The problem is that since the late 1980s, when Appel first formulated these rules, the market has perhaps changed in its personality such that these signals are about as likely to signal the end of a blowoff top as they are to show continuation.
Since it has been more than 10 trading days from the below 0.40 reading to the above 0.615 reading, the latest instance does not qualify as an official Zweig Breadth Thrust signal. But it would qualify as an Appel continuation signal, as shown in the lower chart. The problem is that a lot of these supposed continuation signals have turned out to be just blowoff tops. In fact, most of the recent signals have carried that meaning rather than conveying a message of upward continuation.

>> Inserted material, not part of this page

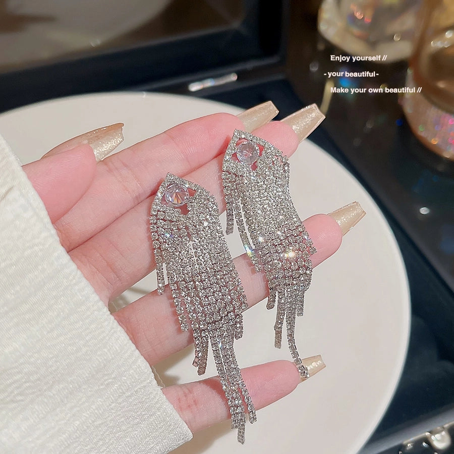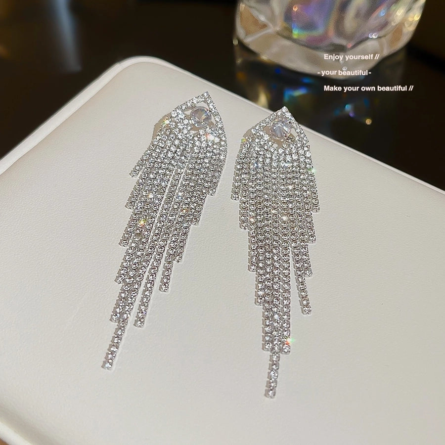 1 Pair Luxurious Sexy Shiny Geometric Tassel Inlay Copper Rhinestones Copper Earrings
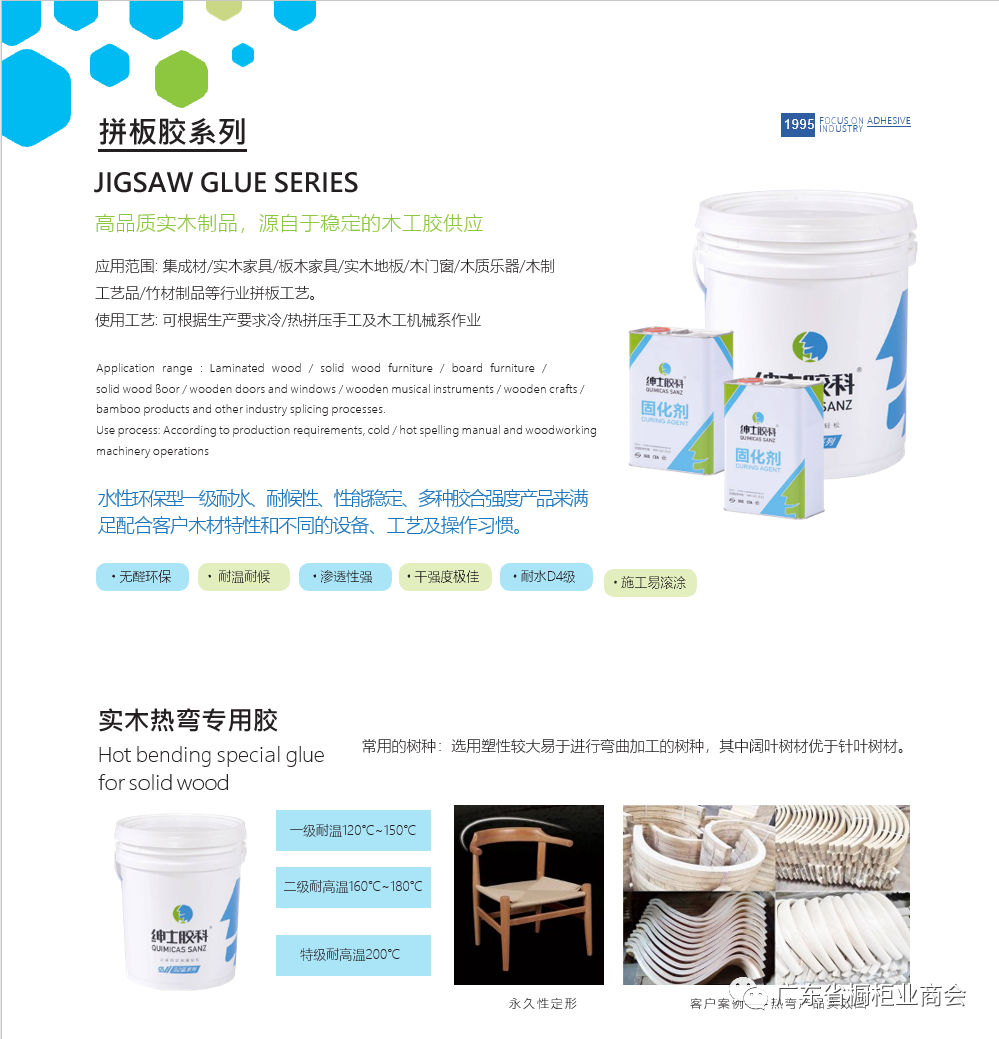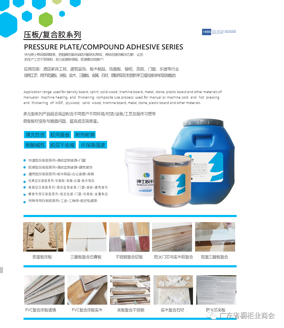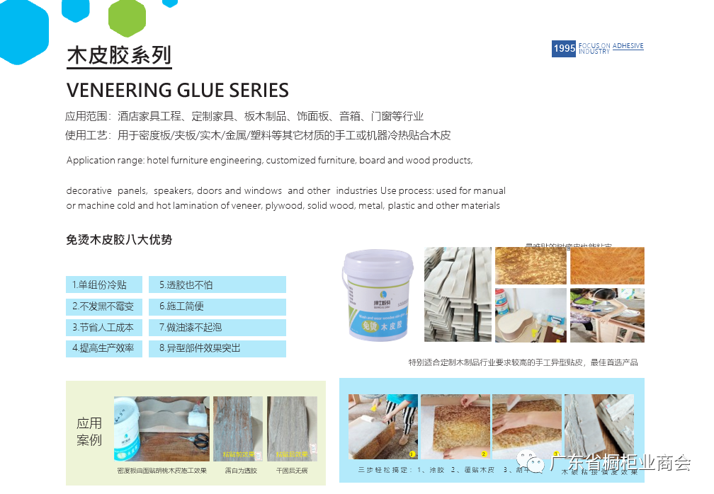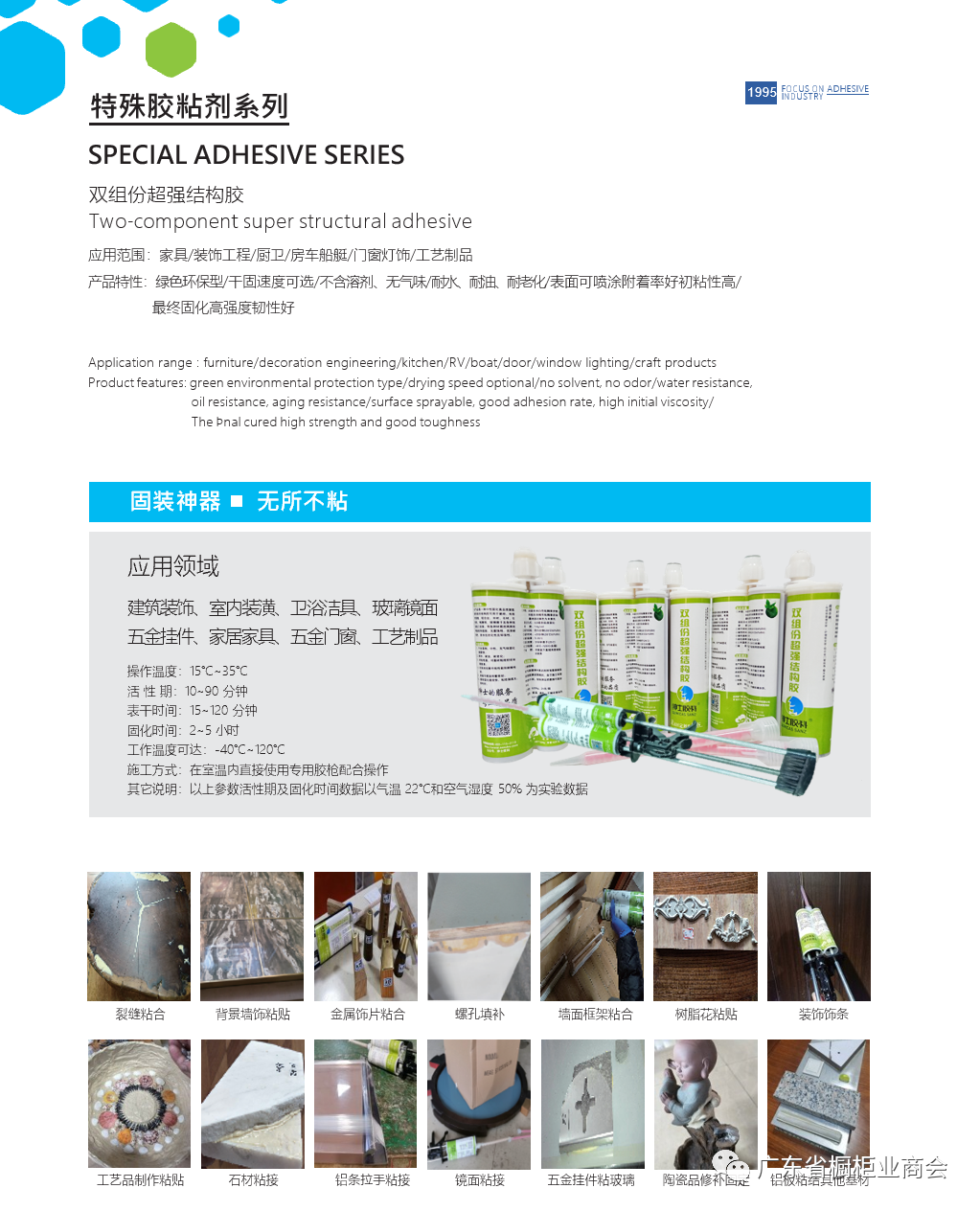 产品涉及服务家居木工、建筑装饰、船艇房车 、电器机械、文具包装、工艺制品、特殊工业胶粘剂等十大行业中。单品应用超过1500多种, 近5年多为客户提供量身定制化产品服务尤为突出,成果案例达50多种,累计超过130多种。

We are operating now in an era when the Federal Reserve seems intent on having its way with the market, and with vanquishing any and all illiquidity dragons. The question for analysts and investors is whether $85 billion a month worth of stimulus is enough, and whether the renewed excitement over the punchbowl not being pulled away is real or just another blowoff. Recent history suggests that the blowoff scenario is more likely.